Just a tip you may or may not know about. On Lewis they "roll up the pavements" on a Sunday and it is frowned on to do, or hang out, washing. Almost all shops, restaurants closed. Some loosening up now, but plan ahead. 

Also, wifi is hard to find, and jolly expensive in the northern reaches of Scotland, so look out for free wifi (if you need it) at resto's/cafe's etc.


----------



## Garcia (Mar 5, 2010)

Definitely plan ahead for Sundays......the Chinese and Indian takeaways were about th only things open in Stornoway......maybe one pub besides....it is strange..... When my daughter moved there , she got told off by neighbours for hanging out washing on a Sunday.....for goodness sake,...if you work all week , when CAN you do your washing....
Weird place,
Beautiful,
But I'll never go back
Garcia


----------



## 4maddogs (May 4, 2010)

I don't think the hopscotch tickets are cheaper now that RET fares have come in.

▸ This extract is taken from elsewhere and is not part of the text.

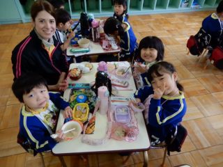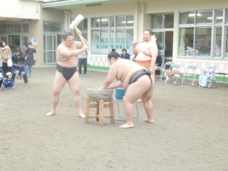 そして、お餅つき。おすもうさんやヘザー先生と一緒におもちをつました。おもちができるまでの見学もして出来上がりをまちました。

Uists have no problems with wild camping and there and on Barra there are several small and very pleasant campsites (rather expensive though).

I had thought about going to Lewis this month, but Mull has beckoned me back again (as it does about 4 times a year!)


----------



## Stanner (Aug 17, 2006)

4maddogs said:


> I don't think the hopscotch tickets are cheaper now that RET fares have come in.


We went the first or second year of RET and the Hopscotch fare for Oban - Barra - Eriskay - Lochmaddy - Uig saved us almost 20% on the PAYG fares

PS just checked and you are right the fares are now exactly the same to the penny.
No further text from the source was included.